▸ **WHAT TO DO**
All lines from the one bearing "Cover and inside" through the end of the data below must be printed exactly as they stand, with pictures removed.
─── DATA FOR THIS EXERCISE ───
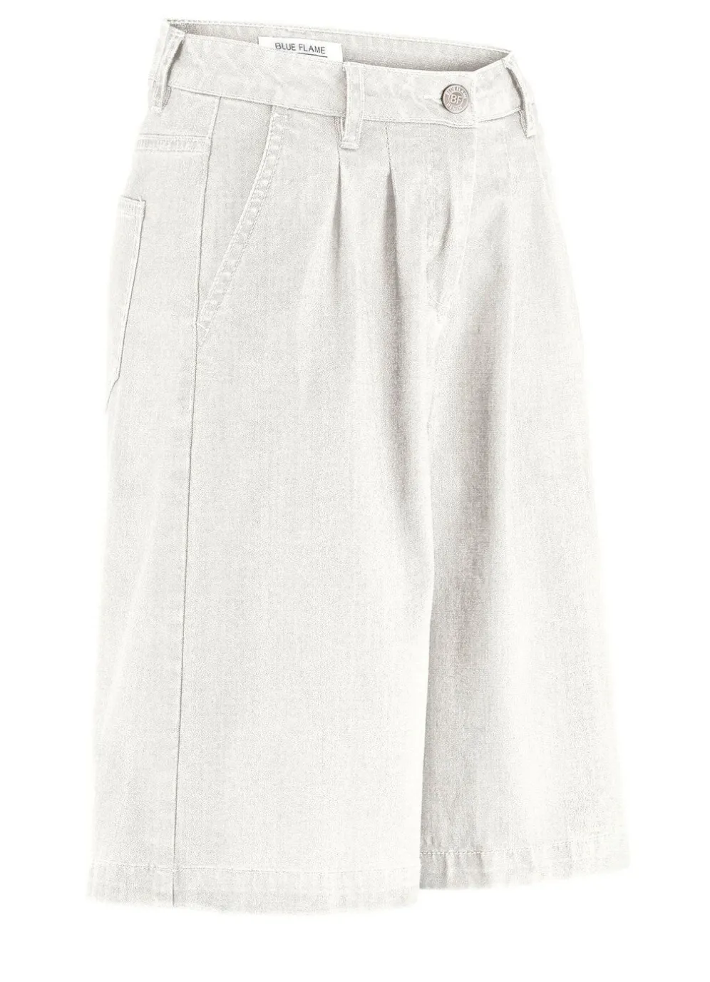 Attraktive Bermudas: elastischer Formbund, Gürtelschlaufen, Knopf- und Reißverschluss, Bundfalten, Seitentaschen, aufgesetzte Gesäßtaschen sowie figurformende Passe im Rückteil. Innenbeinlänge ca. 30 cm, Fußweite ab 64 cm.
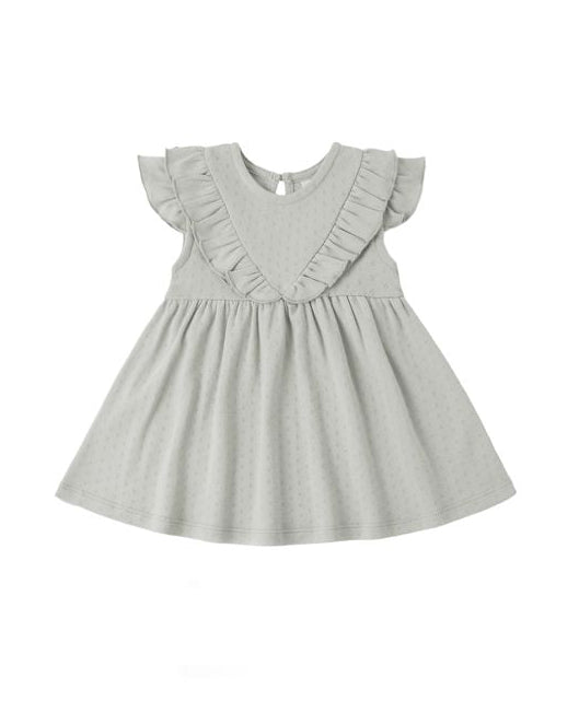 Flutter sleeve dress with sweet ruffle detail in our classic pointelle fabric. Button back closure for easy changing. Coordinating bloomers included with all sizes.
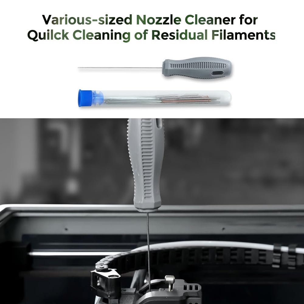 - 【Nozzle Cleaning Set】The Nozzle Cleaning Set consists of 10 pieces of various 0.38mm needles, an efficient 15mm nozzle cleaner, and a metal cleaning brush—all designed to effectively eliminate debris and residue from the nozzles of your 3D printer and other hard-to-reach areas. The L-shaped hexagonal wrench tool is included for the purpose of removing nozzles with ease. Additionally, both bent and straight tweezers are provided to facilitate the removal of silicone caps and the clearing of excess filament from nozzles.
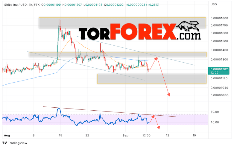 Дополнительным сигналом в пользу снижения котировок актива SHIB/USD на завтра выступит отскок от линии сопротивления на индикаторе относительной силы. Вторым сигналом станет отскок от верхней границы нисходящего канала. Отменой варианта с падением криптовалюты SHIBA INU станет сильный рост и пробой области 0.00001525. Это укажет на пробой области сопротивления и продолжение роста котировок SHIB/USD с целью выше уровня 0.00001855. Подтверждением падению криптовалюты выступит пробой области поддержки и закрытие котировок ниже уровня 0.00001105.
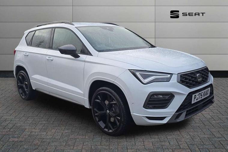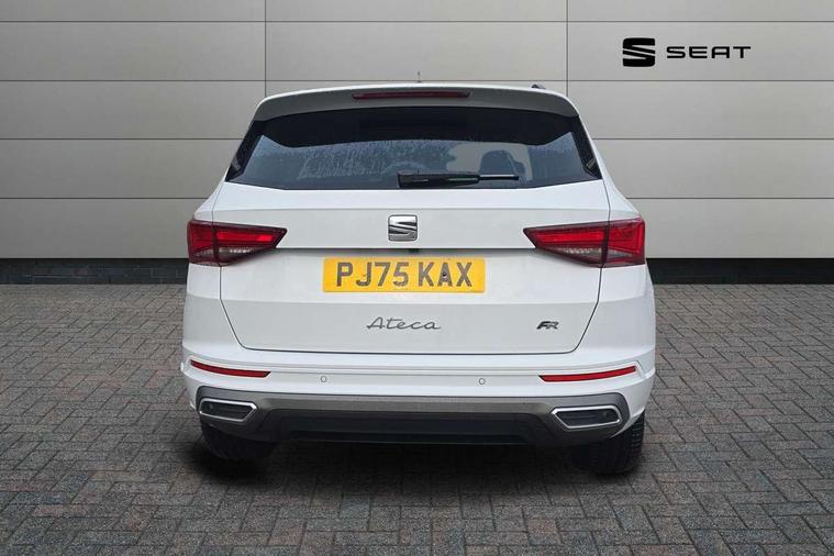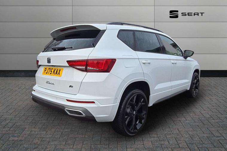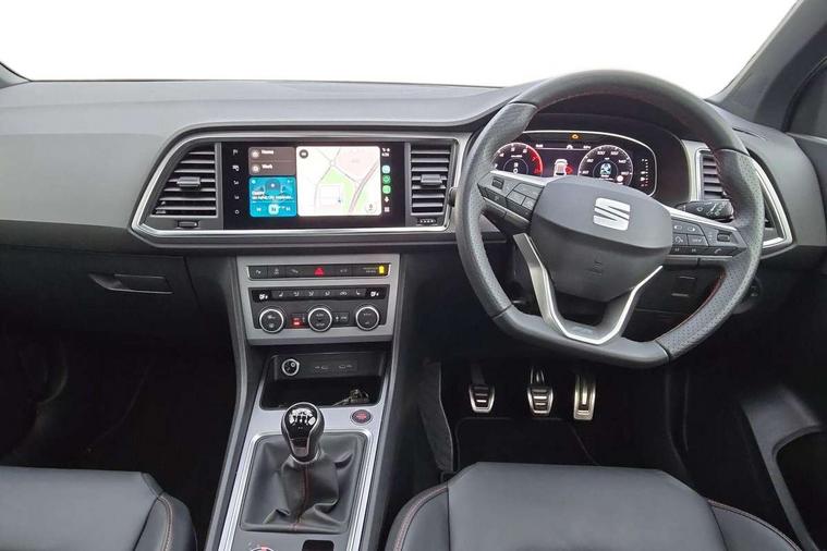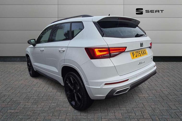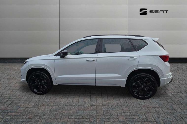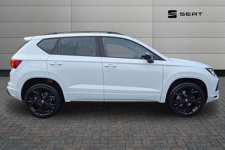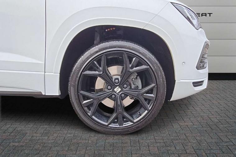 10" Digital cockpit, Bluetooth audio streaming with handsfree system, E-call, Electric tailgate with virtual pedal, Outside temperature gauge, Progressive power assisted steering, SEAT drive profile with driving experience button - Normal, Sport, Eco and Individual mode, steering and throttle response, Self parking functionality (includes front and rear parking sensors), Speed limiter, Start/stop system, Top view camera with rear view camera, Trip computer, wired and wireless full link smartphone integration, Wireless phone charger, Steering wheel mounted audio/phone controls, Black roof rails, Black side window trim, Body colour bumpers, Body coloured wheel arch surrounds, Chrome front grille frame, Dark tinted rear windows, Daytime running lights, Door mirrors with welcome light silhouette, Dynamic headlight range control with self adjusting whilst driving, Electric adjustable/heated/folding door mirrors, Front and rear electric windows, Illuminated aluminium front door sill, LED 3rd brake light, LED headlamps with lens and LED front fog lamps with cornering function, LED rear tail lights with dynamic indicators, Rear exhaust tailpipe, Rear fog lights, Rear side wing doors, Rear spoiler, Rear wash/wipe, Variable front intermittent wipers, 12V socket in front, 3 seat bench in 2nd row, 60/40 split folding rear seat, Aluminium pedals, Black greenhouse interior roof, Dual zone climate control, Electric adjustable driver seat with memory function, Front and rear head restraints, Front centre armrest, Front seat back storage pockets, Heated front seats, Height adjustable passenger seats with lumbar adjustment, ISOFIX points in outer rear seats with top tether anchorage points, Leather sports steering wheel and gear knob, Leather upholstery with front comfort seats, Rear armrest and easy back seat release mechanism from boot, Single front passenger seat, Convenience pack - Ateca, Interior lighting pack - Ateca, Navigation system pack with DAB - Ateca, Safety and driving pack (L) - Ateca, Safety and driving pack with attention and drowsiness assist - Ateca, 3x3 point rear seatbelts, ABS, Traction control system (TCS), Electronic stability control (ESC) and Electronic differential lock system (XDS), Airbags - Driver and front passenger airbag with deactivation, front side, two curtain and driver's knee airbags, Electric parking brake with auto hold function, Front and rear seatbelt reminder, Hill hold control, Manual rear child locks, Single tone horn, Tyre pressure monitoring system, Alarm, Keyless entry, Locking wheel bolts, Remote central locking, Chrome interior detailing, 19" Exclusive alloy whelels 36/10 in glossy black, Tool kit,
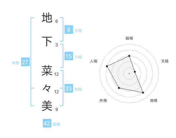 地下 菜々美さんを姓名の画数から五運を鑑定
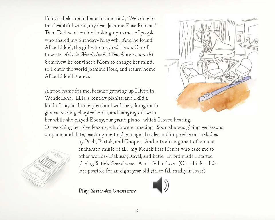 Cover and inside pages for the interactive e-book Alice’s Adventures by author and composer Claud Brown
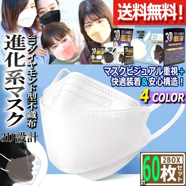 3Dダイヤモンド型不織布マスク4層99%カットフィルター2BOX(計60枚)セット
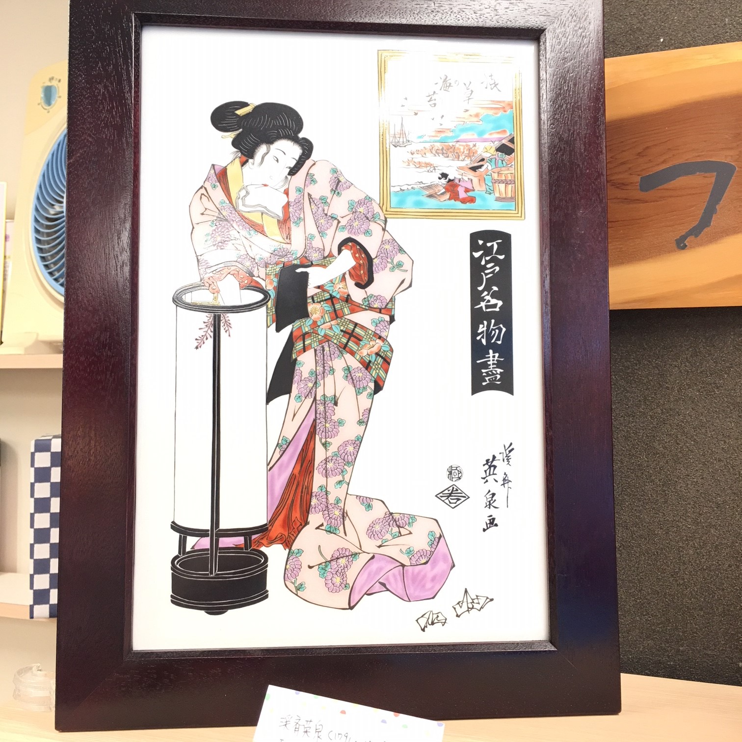 何の気なしに壁にかけていた浮世絵の有田焼の陶板も
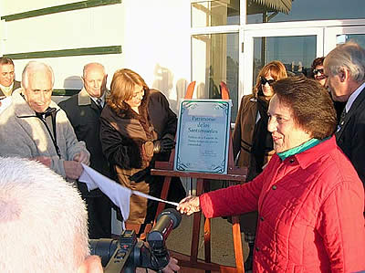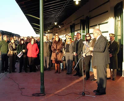 Instante en que se descubre la placa declarando al lugar «Patrimonio de los Santarroseños». La misma, con la firma del intendente Alcala dice: «Edificio de la Estación de Trenes recuperado para la comunidad».
───
▸ **SOLUTION BELOW**
 Cover and inside pages for the interactive e-book Alice’s Adventures by author and composer Claud Brown
 3Dダイヤモンド型不織布マスク4層99%カットフィルター2BOX(計60枚)セット
 何の気なしに壁にかけていた浮世絵の有田焼の陶板も
 Instante en que se descubre la placa declarando al lugar «Patrimonio de los Santarroseños». La misma, con la firma del intendente Alcala dice: «Edificio de la Estación de Trenes recuperado para la comunidad».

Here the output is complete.